Print out the entries from the line containing "Dimitris Paraskevas with" through the last line, exactly, and print nothing else. Pictures are not copied.
┌─ Raw data
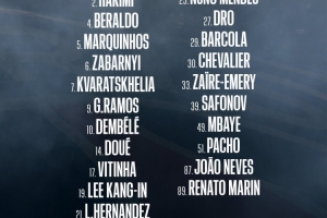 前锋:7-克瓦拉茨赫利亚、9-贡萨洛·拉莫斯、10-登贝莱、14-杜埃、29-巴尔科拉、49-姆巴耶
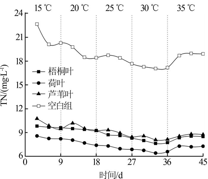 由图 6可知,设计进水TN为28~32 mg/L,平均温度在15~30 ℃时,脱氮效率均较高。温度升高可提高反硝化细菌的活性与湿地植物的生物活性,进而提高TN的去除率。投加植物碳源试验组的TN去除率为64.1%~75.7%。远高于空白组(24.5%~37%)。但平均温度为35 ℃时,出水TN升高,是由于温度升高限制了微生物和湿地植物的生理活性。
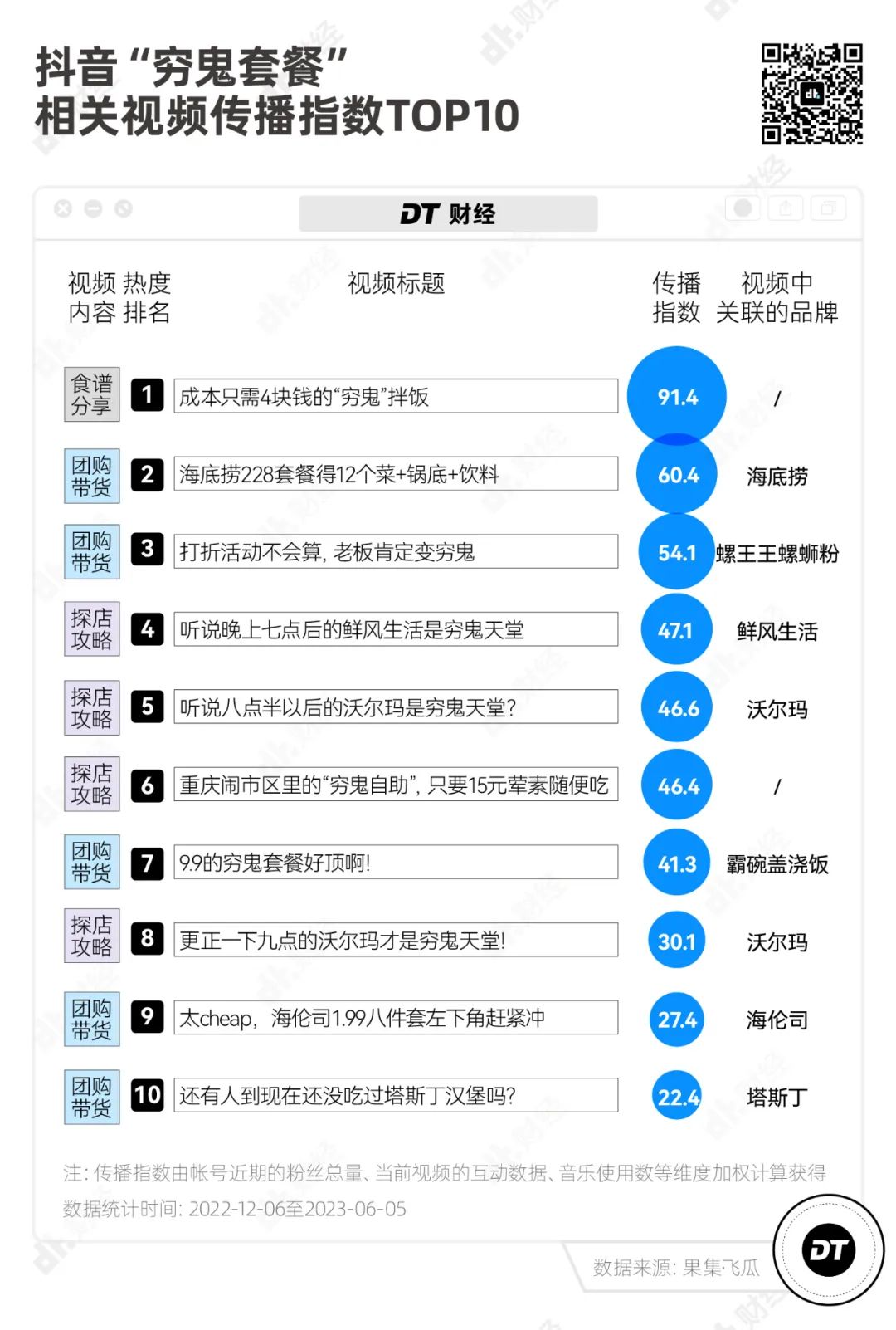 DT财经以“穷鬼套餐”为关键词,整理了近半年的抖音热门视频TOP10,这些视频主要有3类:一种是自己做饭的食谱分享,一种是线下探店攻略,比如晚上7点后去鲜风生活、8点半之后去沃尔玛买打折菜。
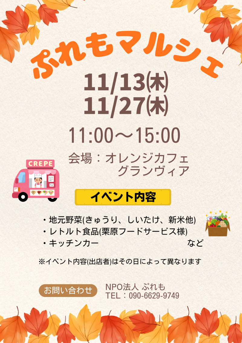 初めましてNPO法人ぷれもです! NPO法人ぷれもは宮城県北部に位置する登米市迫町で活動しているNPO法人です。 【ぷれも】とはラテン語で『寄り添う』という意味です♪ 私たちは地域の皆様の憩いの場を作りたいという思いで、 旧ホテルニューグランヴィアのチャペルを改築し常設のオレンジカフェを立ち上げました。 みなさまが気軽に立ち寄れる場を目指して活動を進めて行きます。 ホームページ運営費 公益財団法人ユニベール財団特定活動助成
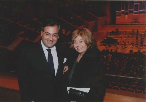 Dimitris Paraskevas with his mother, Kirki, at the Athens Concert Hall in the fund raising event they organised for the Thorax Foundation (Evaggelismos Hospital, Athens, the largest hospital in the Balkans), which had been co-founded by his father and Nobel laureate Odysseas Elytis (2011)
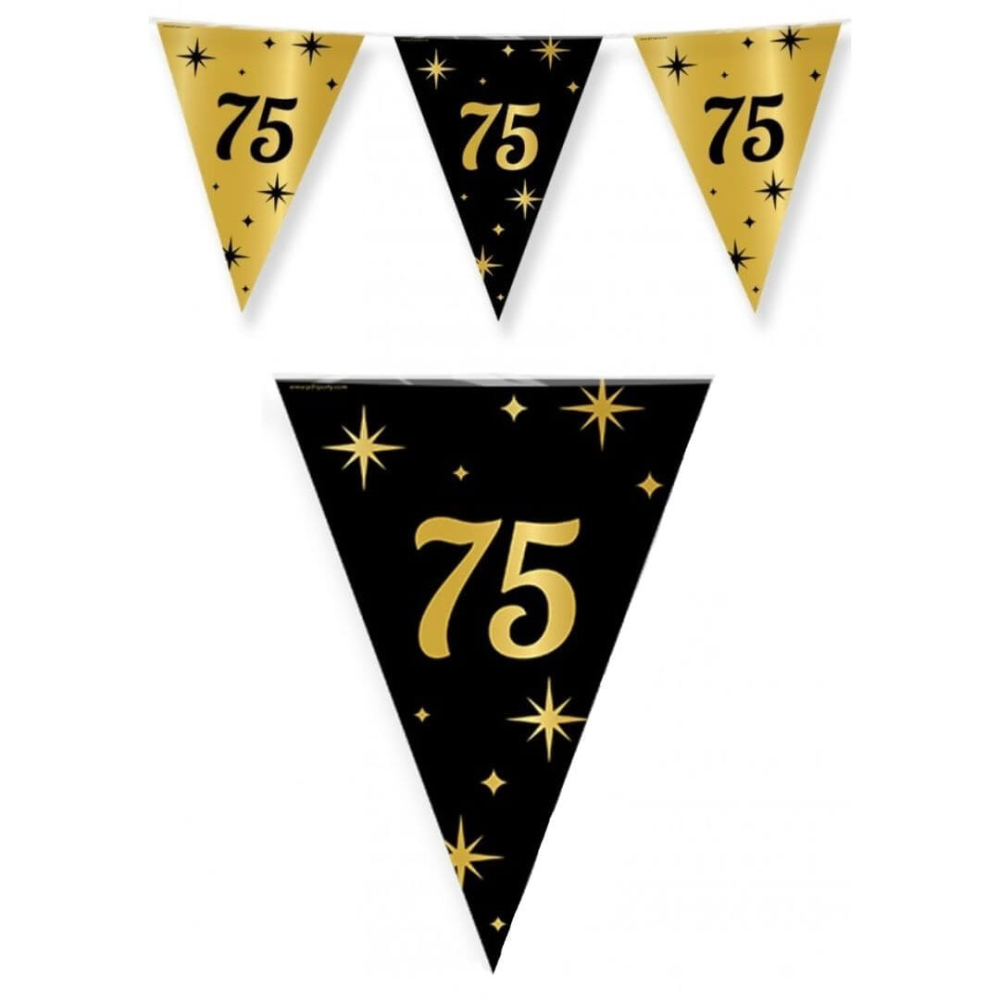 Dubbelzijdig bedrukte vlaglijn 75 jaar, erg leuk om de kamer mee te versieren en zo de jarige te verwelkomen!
└─
#### [Answer to this problem]
 Dimitris Paraskevas with his mother, Kirki, at the Athens Concert Hall in the fund raising event they organised for the Thorax Foundation (Evaggelismos Hospital, Athens, the largest hospital in the Balkans), which had been co-founded by his father and Nobel laureate Odysseas Elytis (2011)
 Dubbelzijdig bedrukte vlaglijn 75 jaar, erg leuk om de kamer mee te versieren en zo de jarige te verwelkomen!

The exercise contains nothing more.